ママ友を失った理由は、300円の手作りアクセサリー

物販は、「売り上げ」ではなく「利益」を見よ

 販売していたママは知り合いだったので、うっかり聞いてしまった。
 私「1個300円で大丈夫なの?」
 彼女「大丈夫! これが50個売れたら、15,000円になるんだよ! 好きなことが仕事になってお金もらえるなんてうれしい!」
 待て、私はこれを買うとは一言も言っていない。
 と言いそうになったが、口をつぐんだ。
 そして、声に出さない(出せない)ツッコミが次から次へと頭に浮かんだ。

 ブースの前で足を止めた人全員が、これを見て買うと思うのか。
 ターゲットは誰なんだ? ママか? 子供か? 
 幼稚園・保育園に通う子供はこんな髪飾りをつけて登園できないのに気づかないのか? 
 子育てをたいしてしていない私だって園側の言いたいことはわかるぞ(例:危ないです、お昼寝の時に邪魔です…等々)。休日限定の髪飾りなのか?
 そして、売上で物販を考えるな。
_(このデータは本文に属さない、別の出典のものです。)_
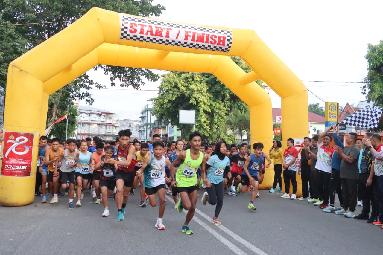 Tebing Tinggi - Untuk memeriahkan HUT Bhayangkara ke 78 yang sebentar lagi, Polres Tebing Tinggi menyelenggarakan perlombaan cabang olahraga run 5 kilometer dan 10 kilometer, bertempat di lapangan Merdeka Jalan Sutomo Kota Tebing Tinggi, Minggu (30/06/24).Hadir dalam kegiatan Pj Walikota Dr Moetaqqien Hasrimi,SSTP,MSi, Kapolres Tebing Tinggi AKBP Andreas Tampubolon, Danyon B Sat Brimob Kompol Bima Anggalaksana, Dansub Denpom Tebing Tinggi Kapten Burdin Nasution, Danramil 13/TT Kapten Yudi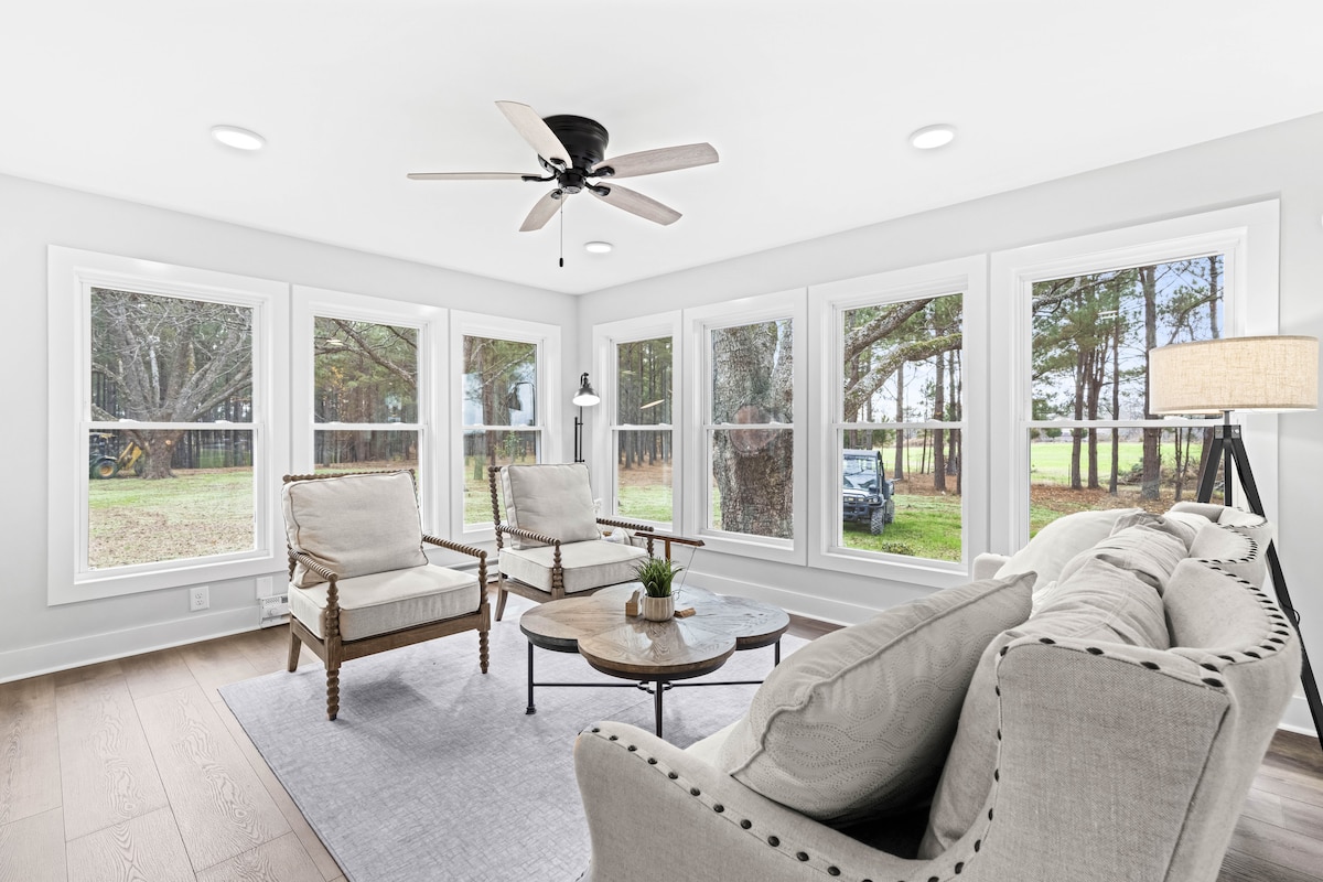 Escape to a fully renovated 120-year-old farmhouse on our fifth-generation working family farm. Nestled 350 feet off the road, it’s surrounded by a 20-acre pine plantation and 10-acre cow pasture. Enjoy modern comforts like Starlink WiFi, a 55" Roku TV, and a fully stocked kitchen alongside charming spaces like a sunroom, rocking-chair porch, and outdoor seating under the pecan tree. Just 6 miles from shopping and dining, this serene retreat offers a perfect blend of farm life and convenience.

利益だ利益、利益。
 先に材料費とか持ち出してるだろ。それを忘れるな。
 今、この場でいただけるお金が全部自分のものだと考えるな。
 そして、この300円。どうやって値段設定した?
 よくよく回りを見渡すと、他のブースでも500円以内の商品が点在していた。
 これはこのイベントでの市場価格に合わせたということか。
 いや、だったらもっと材料費や作製時間がかからないような商品デザイン設計にしなければ、絶対に利益なんて出ないはずだ。

 私の口からこの世に存在してはいけない黒いものが溢れそうになったが、ぎりぎりのところでとめた。
 そして彼女は何かを我慢している私にこう続けた。

「こうやって定期的に販売して、『子供の習い事の足し』にしたいんだよね」
 私はこの利益を度外視した彼女の行動を、勝手に「趣味」と解釈していた。
 趣味なら何も問題ない。なぜなら趣味とは時間とお金をかけるものだ。物理的見返りはないことも多いだろう。
 しかし、彼女は、「子供の習い事の足しにしたい」と言った。
 アクセサリー売りを、家庭に新たなお金をもたらす行為だと考えていたわけだ。

 想像するにたやすい。
 ①デザインを考える時間1~2時間
 ②材料を買いに行く時間1~2時間
 ③作業時間が少なくとも1~2時間
 ④イベント販売5時間
 おそらく最低でも8時間。というか、もっとかかるだろう。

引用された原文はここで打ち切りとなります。